The Python Snowpark library is not uploaded automatically.

You do not need to specify the following dependencies:

  • Your Python built-in libraries.

    These libraries are already available in the runtime environment on the server where your UDFs are executed.

Using Third-Party Packages from Anaconda in a UDF

You can use third-party packages from the Snowflake Anaconda channel in a UDF.

  • If you create a Python UDF in a Python worksheet, the Anaconda packages are already available to your worksheet. Refer to Add a Python File from a Stage to a Worksheet.

  • If you create a Python UDF in your local development environment, you can specify which Anaconda packages to install.
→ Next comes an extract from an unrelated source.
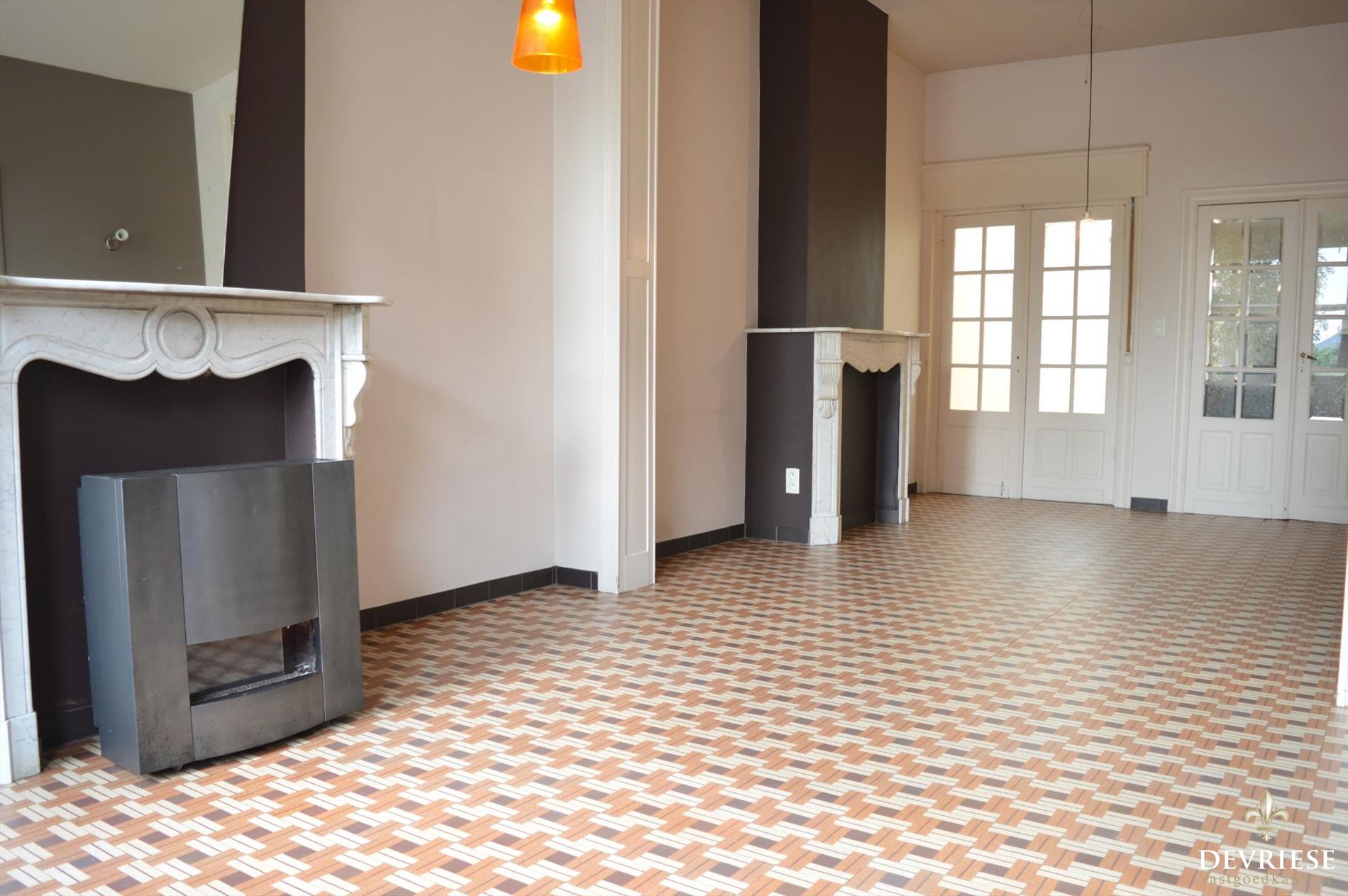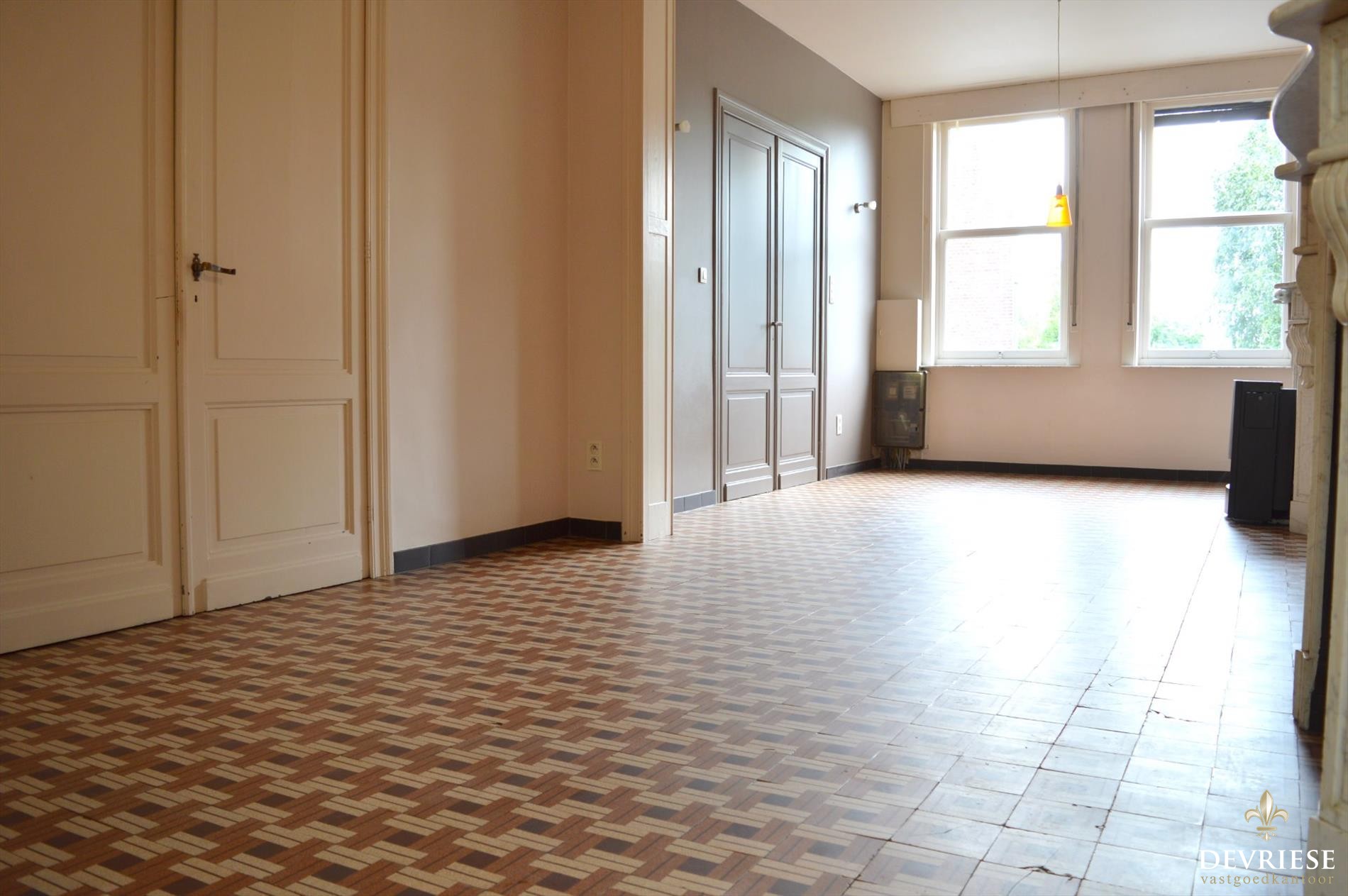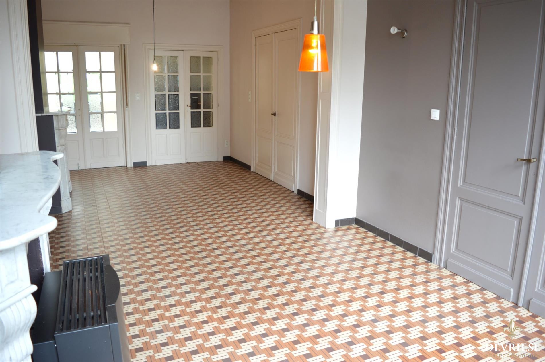 U komt binnen in de sfeervolle, ruime inkomhal die zowel toegang geeft naar de leefruimte met hoge plafonds, originele deuren en heel wat lichtinval, alsook naar de ruime keuken net achter de leefruimte. Via de keuken is er toegang tot een grote en praktische voorraadkelder.

When queries that call Python UDFs are executed inside a Snowflake warehouse, Anaconda packages are installed seamlessly and cached on the virtual warehouse on your behalf.

For more information about best practices, how to view the available packages, and how to set up a local development environment, see Using third-party packages.

If you write a Python UDF in your local development environment, use session.add_packages to add packages at the session level.

This code example shows how to import packages and return their versions.

import numpy as np
import pandas as pd
import xgboost as xgb
from snowflake.snowpark.functions import udf

session.add_packages("numpy", "pandas", "xgboost==1.5.0")

@udf
def compute() -> list:
   return [np.__version__, pd.__version__, xgb.__version__]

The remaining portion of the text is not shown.